= Gajski–Kuhn chart =

The Gajski–Kuhn chart (or Y diagram) depicts the different perspectives in VLSI hardware design. Mostly, it is used for the development of integrated circuits. Daniel Gajski and Robert Kuhn developed it in 1983. In 1985, Robert Walker and Donald Thomas refined it.

According to this model, the development of hardware is perceived within three domains that are depicted as three axis and produce a Y. Along these axis, the abstraction levels that describe the degree of abstraction. The outer shells are generalisations, the inner ones refinements of the same subject.

The issue in hardware development is most often a top-down design problem. This is perceived by the three domains of behaviour, structure, and the layout that goes top-down to more detailed abstraction levels. The designer can select one of the perspectives and then switch from one view to another. Generally, the design process is not following a specific sequence in this diagram.

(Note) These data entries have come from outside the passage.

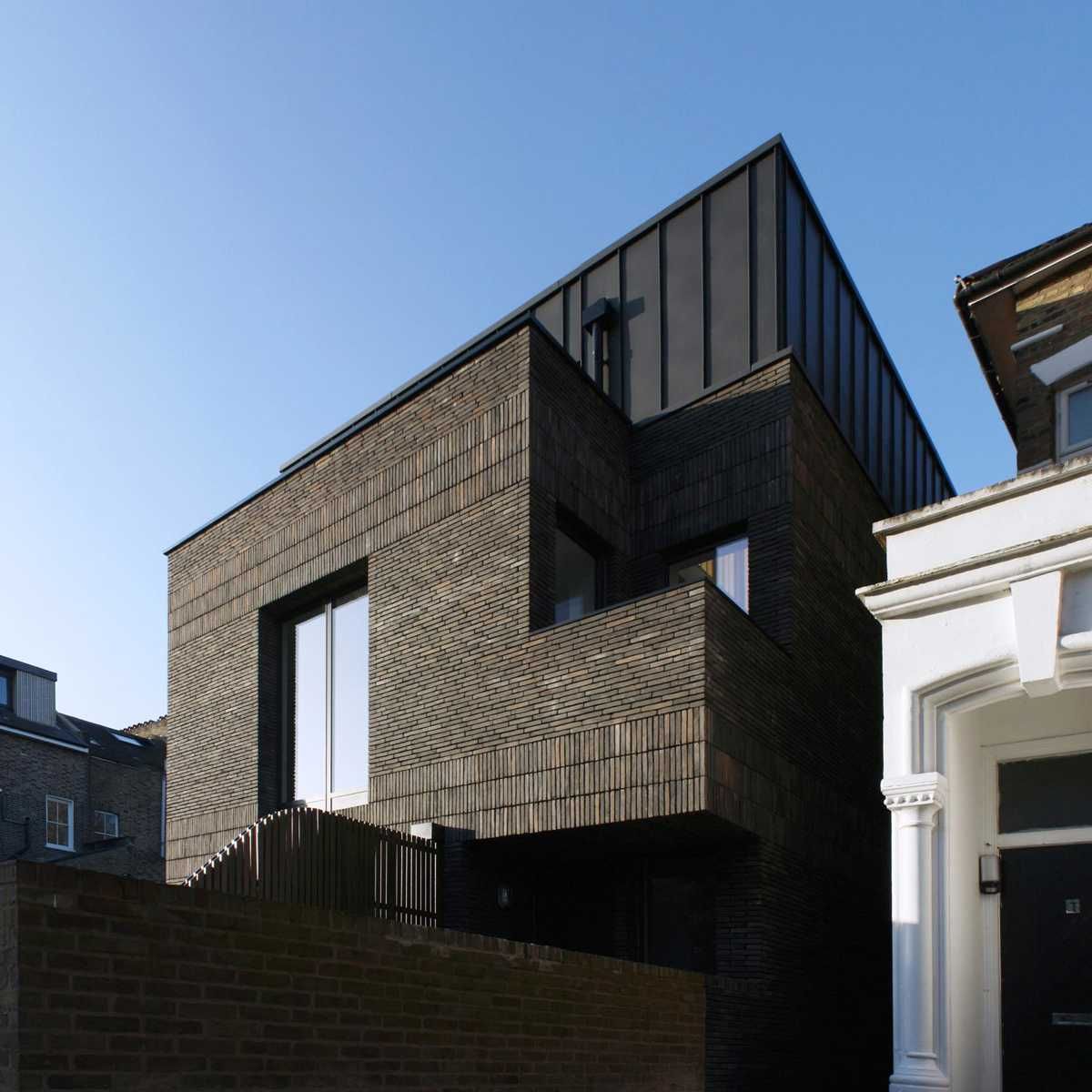 Elewacja z ciemnej cegły klinkierowej nadaje budynkowi nowoczesny, wyrazisty charakter i doskonale wpisuje się w estetykę współczesnej architektury. Wąskowymiarowa cegła układana w poziomych pasach tworzy trójwymiarową strukturę, która pięknie pracuje ze światłem, podkreślając geometrię bryły i jej dynamiczne proporcje. To przykład nowoczesnej elewacji z cegły, która łączy trwałość, odporność na warunki atmosferyczne oraz elegancki, ponadczasowy wygląd. Dzięki dużym przeszkleniom i precyzyjnemu detalowi cała fasada zyskuje lekkość, pozostając jednocześnie mocnym akcentem w miejskim krajobrazie.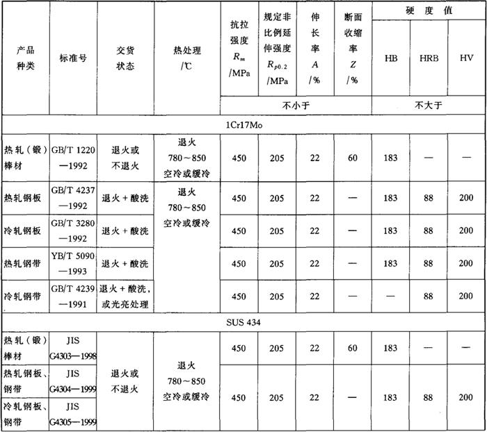 (3)主要特性和用途 此钢是1Cr17的改良钢种,在1Cr17的基础上加入0.75%~1.25%钼,既提高钢的切削性能,又使其耐盐溶液腐蚀的能力比1Cr17增强。 用于制造汽车外装零部件等。 |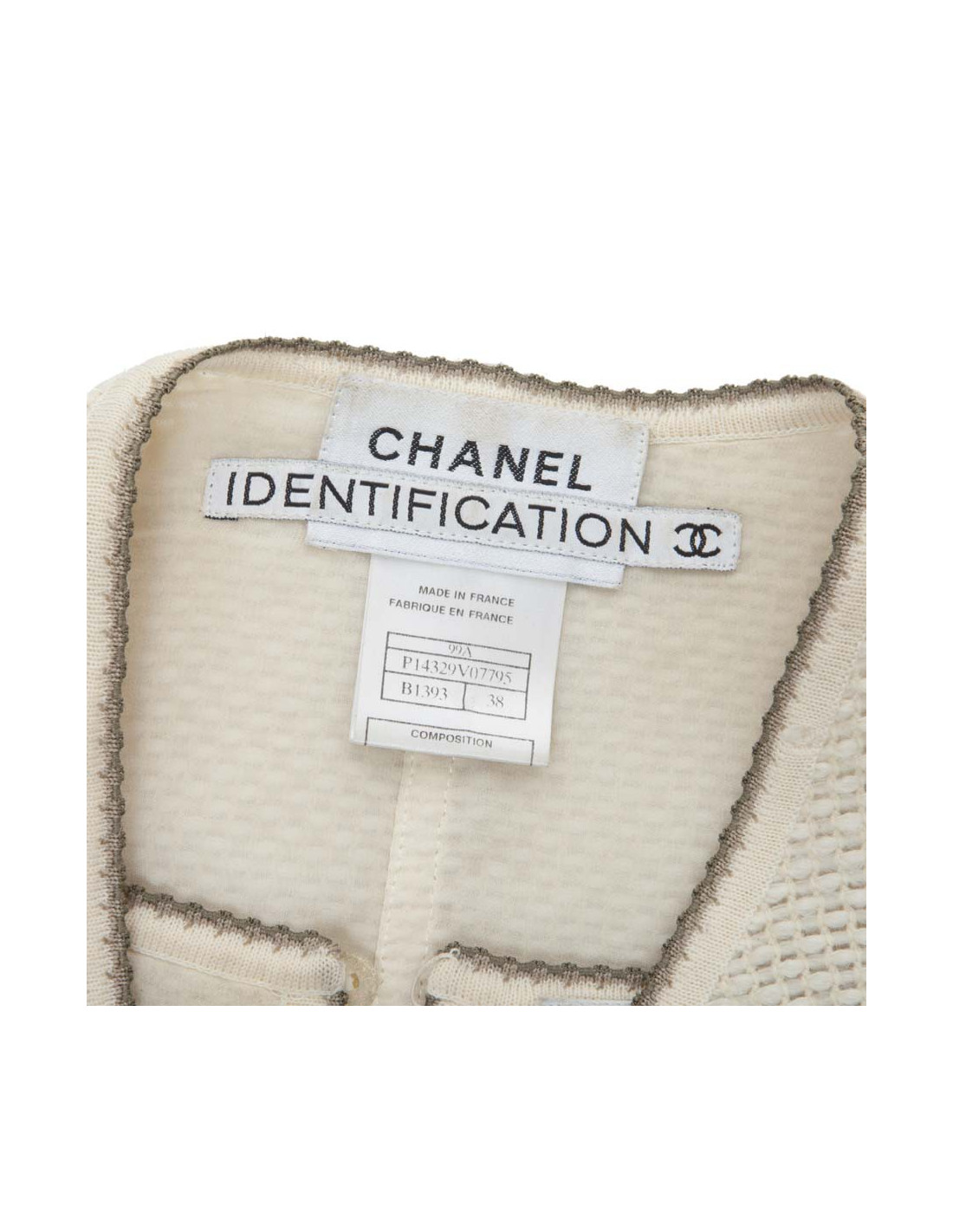 Twin-set CHANEL IDENTIFICATION beige en laine - Détails

- On the system level, basic properties of an electronic system are determined. For the behavioural description, block diagrams are used by making abstractions of signals and their time response. Blocks used in the structure domain are CPUs, memory chip, etc.
- The algorithmic level is defined by the definition of concurrent algorithms (signals, loops, variables, assignments). In the structural domain, blocks like ALUs are in use.
- The register-transfer level (RTL) is a more detailed abstraction level on which the behaviour between communicating registers and logic units is described. Here, data structures and data flows are defined. In the geometric view, the design step of the floorplan is located.
- The logical level is described in the behaviour perspective by boolean equations. In the structural view, this is displayed with gates and flip-flops. In the geometric domain, the logical level is described by standard cells.
- The behaviour of the circuit level is described by mathematics using differential equations or logical equations. This corresponds to transistors and capacitors up to crystal lattices.